Understanding oppression

By: Charlotte Luft

South Africa, segregation and Hitler; what do these three things have in common? They are all perpetrators of oppression.

Oppression is defined by the Oxford English Dictionary as a prolonged cruel or unjust treatment or exercise of authority.

To begin The College at Brockport’s annual Tunnel of Oppression, held in the Union Ballroom March 7-8, counselors from the Hazen Health Center asked groups going in the tunnel how they defined oppression.

Everyone was given a chance to add to the definition before continuing on to the first of nine rooms.

Upon entering the first room groups were presented a slideshow showing people with disabilities, created by Pi Kappa Phi. The guide for the tunnel then read to the group how people with disabilities are being oppressed because able-bodied people look down on them.

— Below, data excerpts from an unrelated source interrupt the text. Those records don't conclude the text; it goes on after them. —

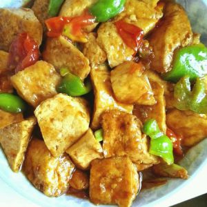 下调料加配菜,煎好的豆腐下锅,加酱油,加水适量,开锅后加淀粉,淋香油,出锅。
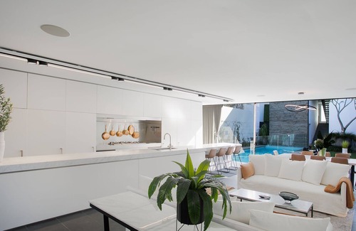 Step inside the main house to discover an open-plan kitchen, lounge area and dining room where soaring ceilings and premium finishes create an atmosphere of refined elegance. The designer kitchen features stone benchtops and premium appliances, while the ground floor flows effortlessly through spacious living areas to reveal a comfortable second TV lounge with double sofa bed, perfect for casual relaxation. Two beautifully appointed bedrooms grace the ground level - one featuring twin single beds, another with a queen bed, both serviced by pristine bathrooms with premium fixtures and luxury finishes. One bathroom boasts a luxurious bath and shower combination, while the other features a walk-in shower for convenience. Move to the first level where the master suite awaits: a sanctuary complete with king bed, private balcony overlooking the pool area, and an opulent ensuite bathroom featuring double vanity, bath, and shower—even a TV for ultimate indulgence.
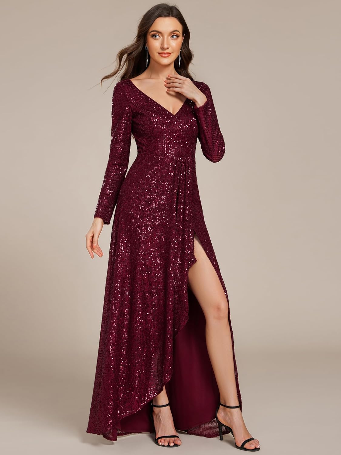 This glamorous floor-length evening dress features fitted long sleeves and a plunging cross-over v-neck collar with ruched detail. A cinched waist gives way to an asymmetrical ruffled hem with a high slit on the front, perfect for showing off your heels.
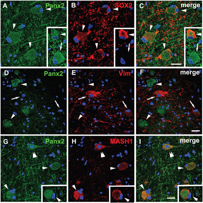 Considering the abnormal differentiation of the BCs and the specific cellular distribution of Panx2 in these cells, we investigated the correlation between the Panx2 expression and the differentiation status of the BCs. Double-labeled immunofluorescent experiments confirmed that the Panx2 was colocalized with SOX2 (a marker of neural stem cells commonly expressed by BCs [16]) in BCs (Figure 5A–5C). Further double-labeled staining showed that the Panx2 positive BCs did not express vimentin (a marker of immature glial cells) (Figure 5D-F), but expressed MASH1 (a basic helix-loop-helix transcription factor involved in the determination of neuronal precursors) (Figure 5G–5I).
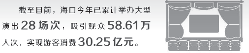 看演出、玩游戏、品美食、赏烟花……从白天到深夜,来自河南的小林与朋友一起沉浸式体验了海口的国际化演艺氛围。今年11月底,两位艺人在海口同期开唱,短短3天,4场大型演出相继上演,吸引观众超过12万人次。截至目前,海口今年已累计举办大型演出28场次,吸引观众58.61万人次,实现游客消费30.25亿元。
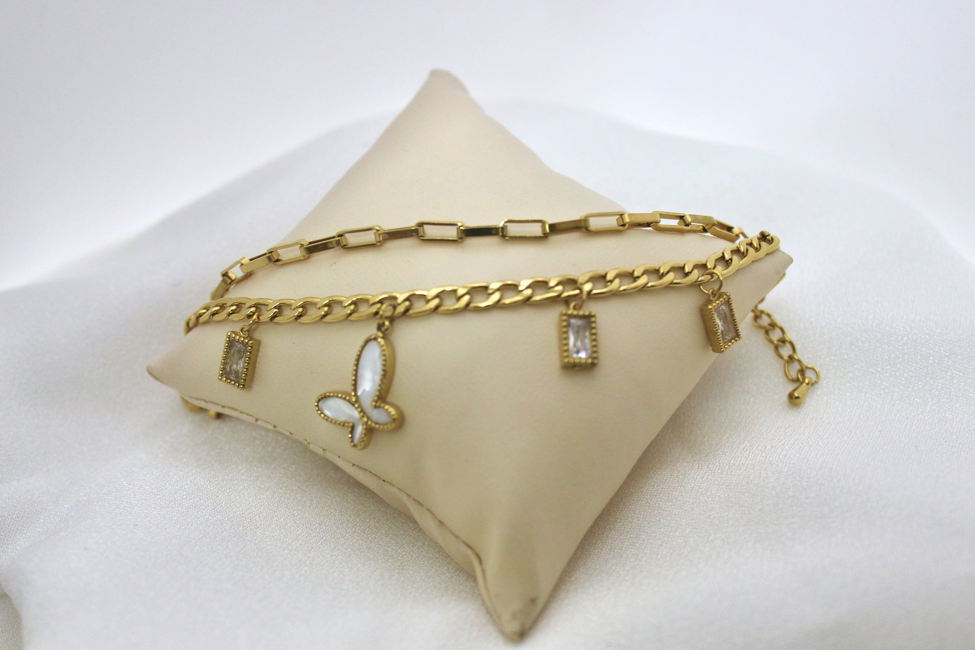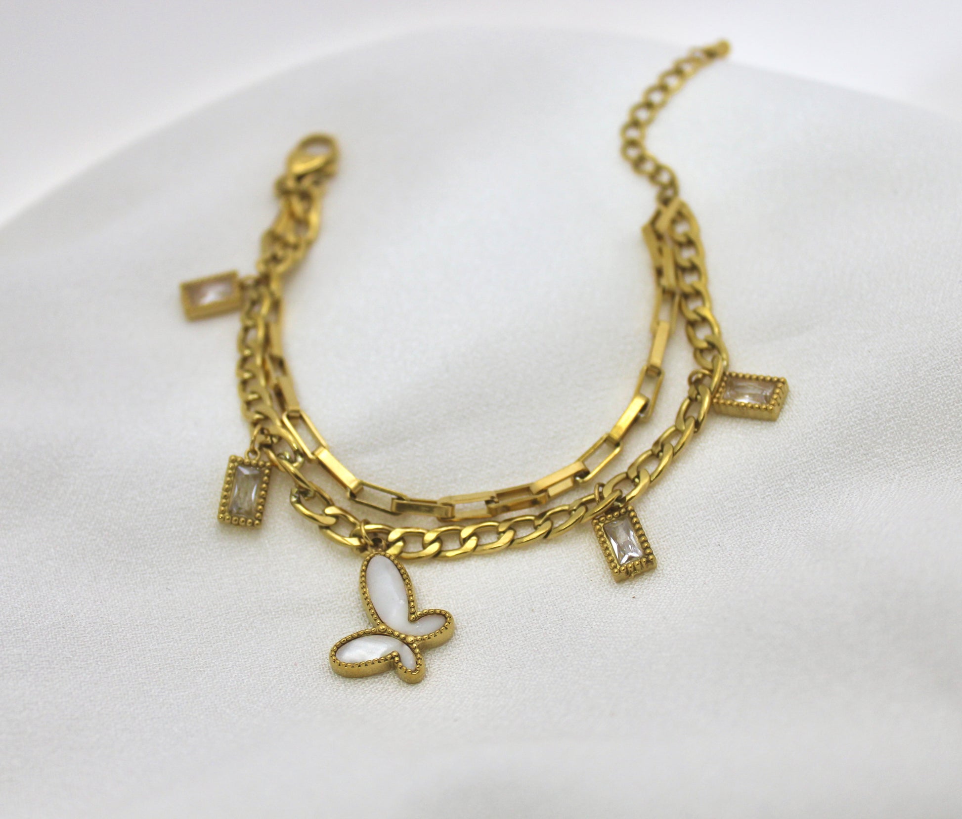 Elevate your style with this elegant gold bracelet featuring a delicate butterfly charm inlaid with pearly enamel and sparkling crystal pendants. The combination of a bold chain and a sleek rectangular link chain creates a modern layered look that’s perfect for any outfit — from casual to chic.
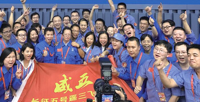 2019年12月27日,工作人員慶祝長五遙三任務發射成功
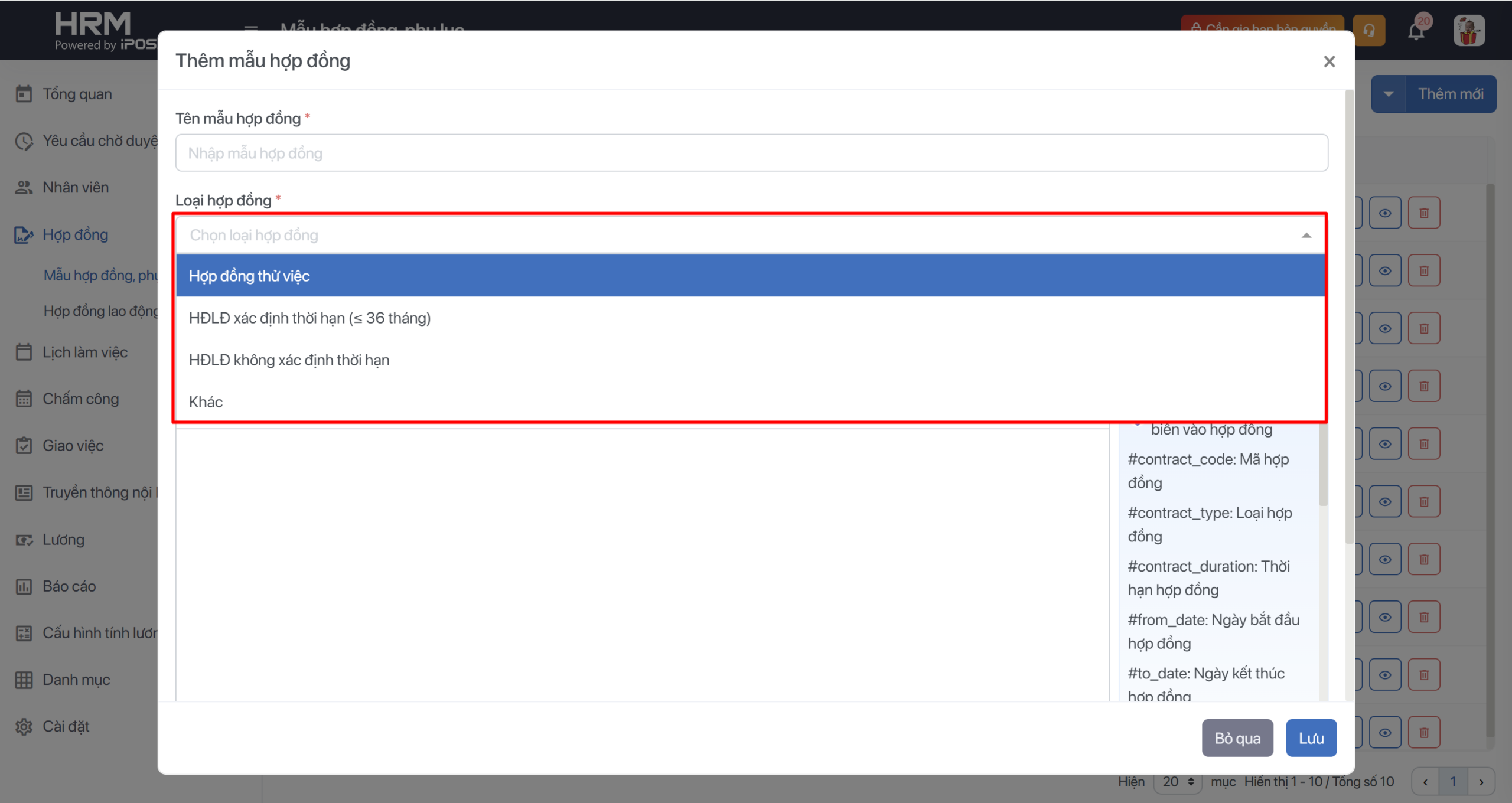 - Thêm hợp đồng: Chọn loại hợp đồng và mẫu hợp đồng bạn muốn thêm cho nhân viên.
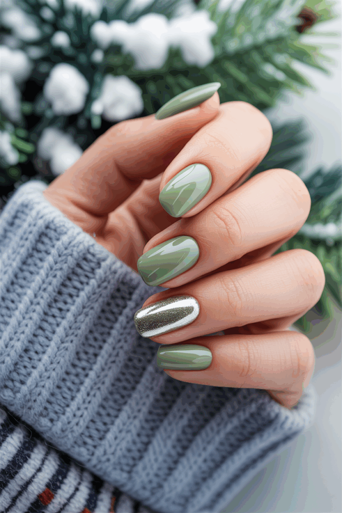 Combine a smooth, glossy sage base with slim silver chrome accents for a sleek, modern manicure that still feels soft. Outline the tips with a mirror-like edge, trace a fine chrome line down one side, or add a tiny chrome half-moon at the cuticle for subtle shine. The interplay of muted green and high-reflective silver is elegant under evening lights but stays understated for daytime wear. It is a simple, sophisticated way to finish the season with a little futuristic sparkle.
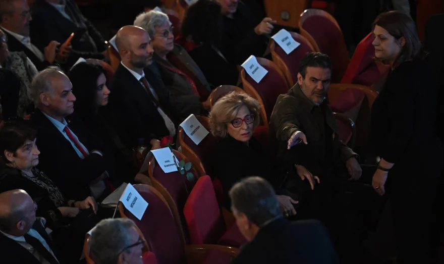 Μάλιστα πολλοί φώναζαν «να τος, να τος ο πρωθυπουργός» κατά την είσοδο του Αλέξη Τσίπρα στο θέατρο.
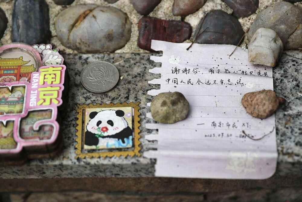 “拉贝虽身居异邦,常怀悲悯,视中国人民若同胞。”一名中国留学生在墓碑前留下这样一张卡片,表达心中的敬意。
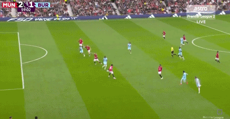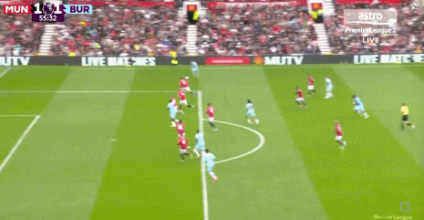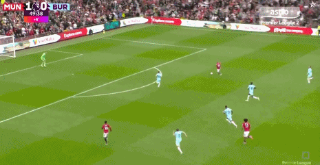 上半场补时第5分钟,曼联快速反击,齐尔克泽中路分球,姆贝莫突入禁区之后无私横传,迪亚洛推射高出,错失破门良机。
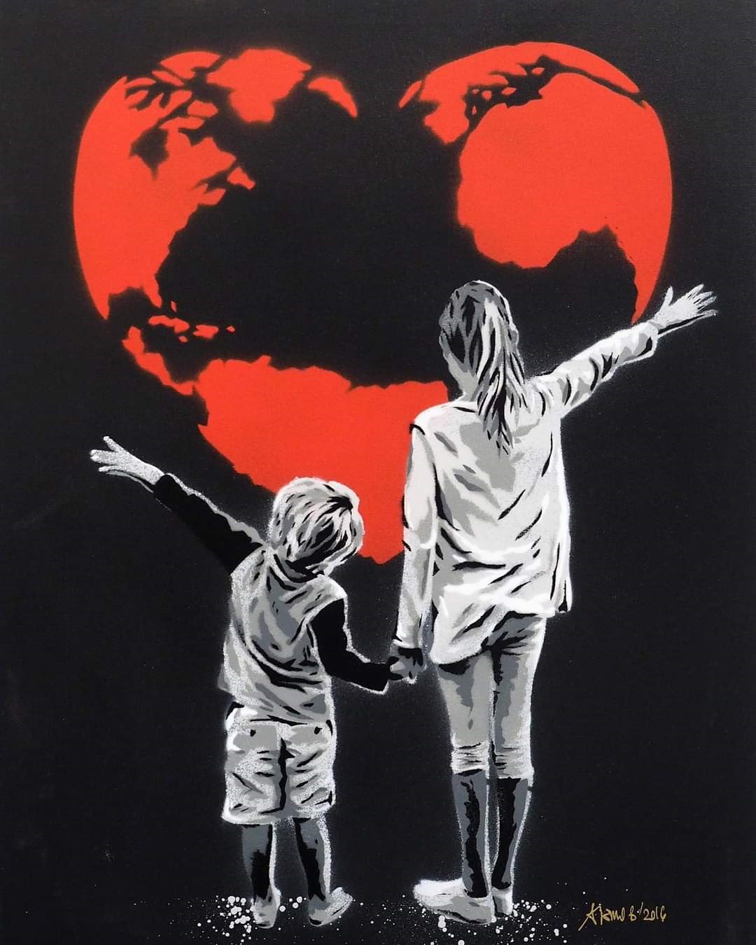 A la réflexion, je me demande si les jeunes street artistes sont aussi éloignés que cela de la culture hippie. En effet, dans le même mouvement, souvent associés aux symboles de la paix, nous trouvons des milliers de cœurs symbolisant l’amour. Une demande de paix et une résolution du conflit par l’amour réciproque. Rien à voir avec la religion. Une version revue et corrigée des idéaux libertaires. Ce n’est pas moi qui reprocherais aux jeunes d’être utopistes et de croire que l’amour de l’autre suffit à créer un monde meilleur !

The group was then lead into the next room about suicide, created by Residential Life. In the room there was a 16-minute video playing where people who knew someone who committed suicide talked about the way it was dealt with by them and others. On the wall of the room were quotes such as, “I sat there and my mind played every bad memory, every failure, every negative thought until it was screaming so loudly in my head I wanted to scream out loud”.

The Office of Diversity did its room on micro-aggression. On the wall of the room there were pictures of people from the internet that had been whitewashed. Throughout the room there were also cards with examples of micro-aggression and a quote card where people could fill out experiences they have had.

Groups were then led into the Organization for Students of African Descent’s room which visually displayed segregation by a rope down the center of the room which displayed two desks; one representing the experiences black people face and the other the privilege white people experience. They displayed a white board with the racial slur students at the college got an email about during the fall semester as well as two white females on the track and field team at the college wearing blackface in an Instagram post.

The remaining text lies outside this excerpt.